# Activity
Omitting the pictures, output all of the records precisely as written.

Data records:
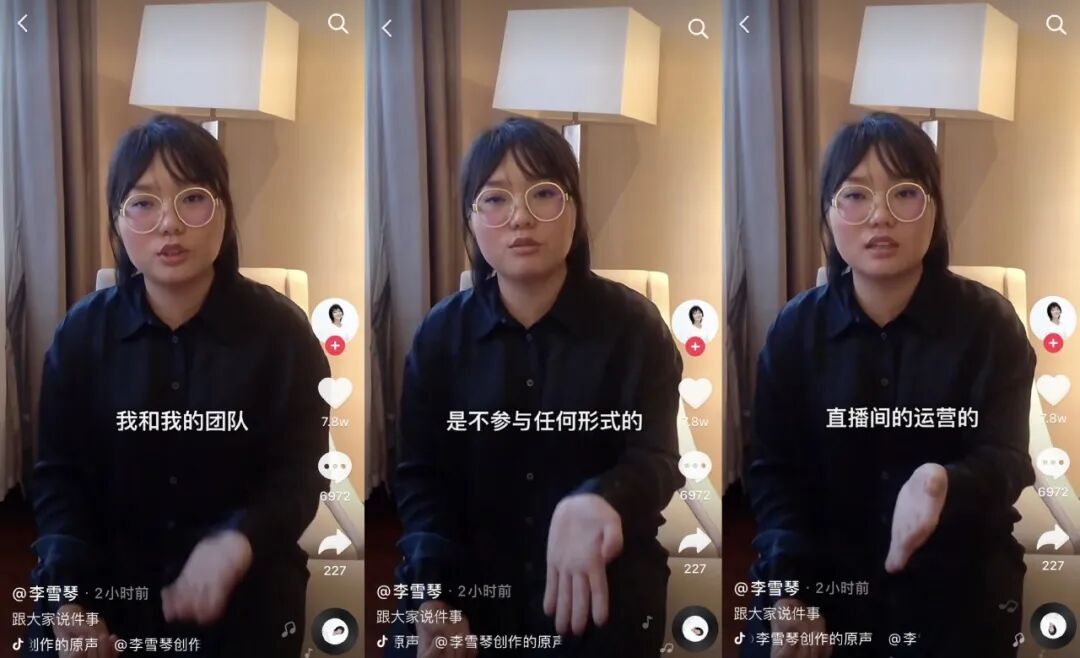 李雪琴称“造假的事不会干”,以后会更严格要求自己。
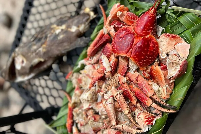 O almoço inclui uma degustação de caranguejo coco e vinho de Rangiroa.
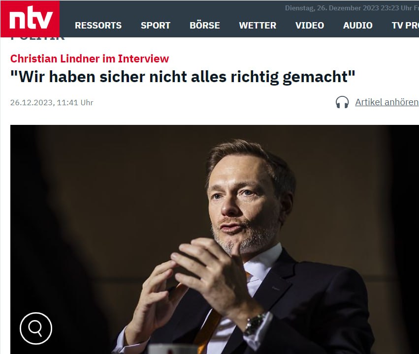 Глава Минфина ФРГ Кристиан Линднер заявил в эфире N-TV:
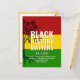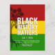 Motivational BLACK HISTORY MONTH postcard showing a half image tree silhouette against a rich red, yellow and green background, and BLACK HISTORY MATTERS in bold white typography. Underneath this is the inspirational quote by MARCUS GARVEY. On the reverse there is a CUSTOMIZABLE greeting which you can personalise with your own wording. A great way to keep in touch over the Black History Month season. Other varieties of BHM cards, invitations, clothing and decor are available.
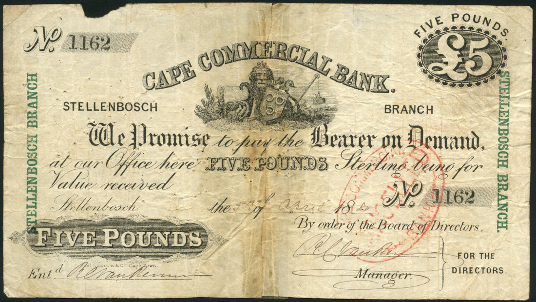 Cape Commercial Bank, £5, Stellenbosch, 5 April 1880, serial number 1162, black and white, lion with coat of arms at top centre, value at top right and low left, reverse with green FIVE at centre
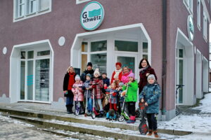 Tina Ströbele und Kerstin Gogolin aus Niedernhall, Manuela Hilkert von DS Immobilien aus Öhringen, Theresa Leitz aus Ingelfingen sowie Matthias Lauterer und Dr. Sandra Hartmann von der Redaktion GSCHWÄTZ spendeten die Roller. Bei der Übergabe am Donnerstag, den 15. Dezember 2022, in der Redaktion GSCHWÄTZ mit Mamas der Kinder sowie mit den ehrenamtliche Helferinnen Christa Marks und Marina Wiegel, strahlten die Kinder nicht nur um die Wette, sondern drehten gleich ein paar Proberunden.
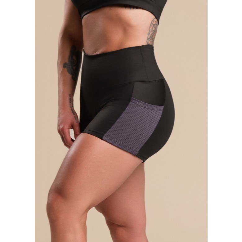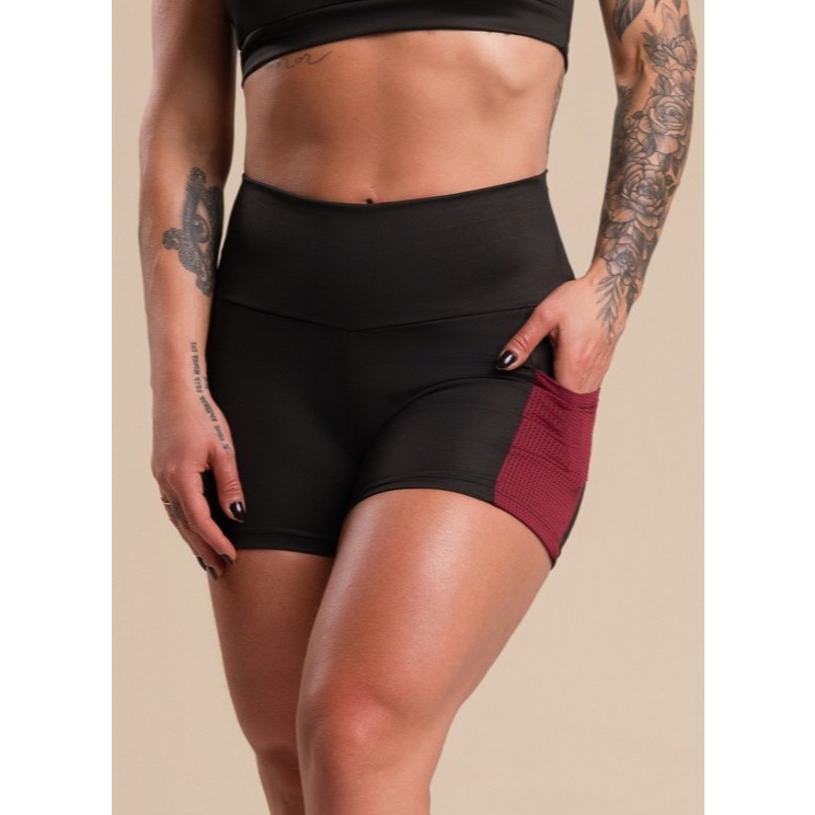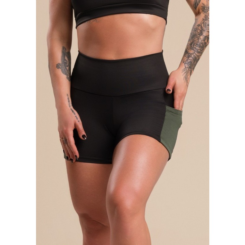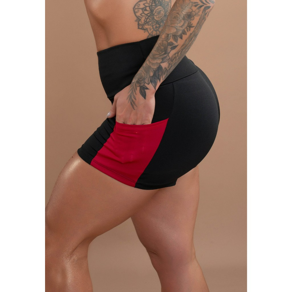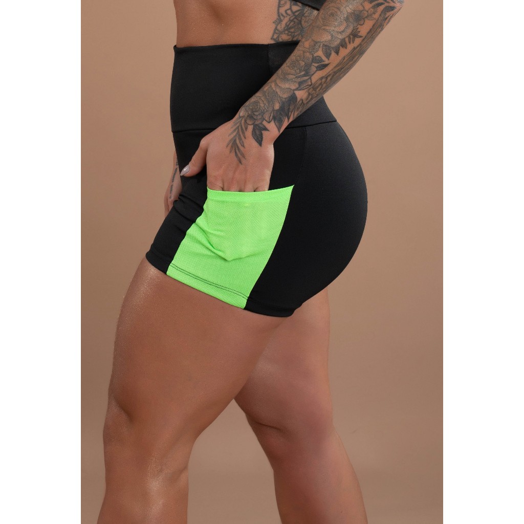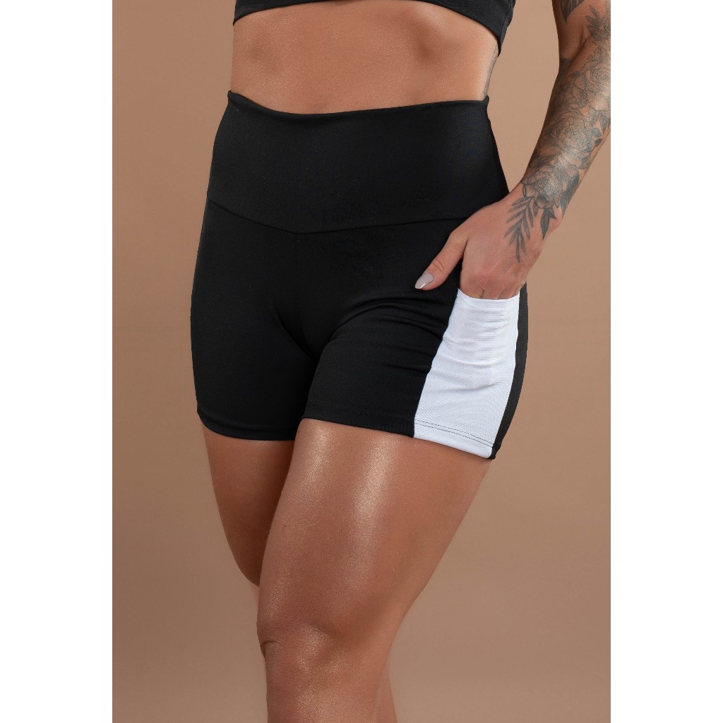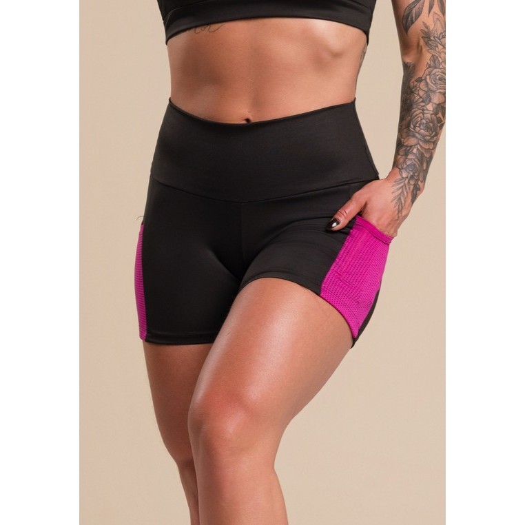 Short Fitness Curto Cintura Alta Feminino Com Bolso Tela Lateral Academia Treino Corrida F7 NEW STYLE

# Response
 李雪琴称“造假的事不会干”,以后会更严格要求自己。
 O almoço inclui uma degustação de caranguejo coco e vinho de Rangiroa.
 Глава Минфина ФРГ Кристиан Линднер заявил в эфире N-TV:
 Motivational BLACK HISTORY MONTH postcard showing a half image tree silhouette against a rich red, yellow and green background, and BLACK HISTORY MATTERS in bold white typography. Underneath this is the inspirational quote by MARCUS GARVEY. On the reverse there is a CUSTOMIZABLE greeting which you can personalise with your own wording. A great way to keep in touch over the Black History Month season. Other varieties of BHM cards, invitations, clothing and decor are available.
 Cape Commercial Bank, £5, Stellenbosch, 5 April 1880, serial number 1162, black and white, lion with coat of arms at top centre, value at top right and low left, reverse with green FIVE at centre
 Tina Ströbele und Kerstin Gogolin aus Niedernhall, Manuela Hilkert von DS Immobilien aus Öhringen, Theresa Leitz aus Ingelfingen sowie Matthias Lauterer und Dr. Sandra Hartmann von der Redaktion GSCHWÄTZ spendeten die Roller. Bei der Übergabe am Donnerstag, den 15. Dezember 2022, in der Redaktion GSCHWÄTZ mit Mamas der Kinder sowie mit den ehrenamtliche Helferinnen Christa Marks und Marina Wiegel, strahlten die Kinder nicht nur um die Wette, sondern drehten gleich ein paar Proberunden.
 Short Fitness Curto Cintura Alta Feminino Com Bolso Tela Lateral Academia Treino Corrida F7 NEW STYLE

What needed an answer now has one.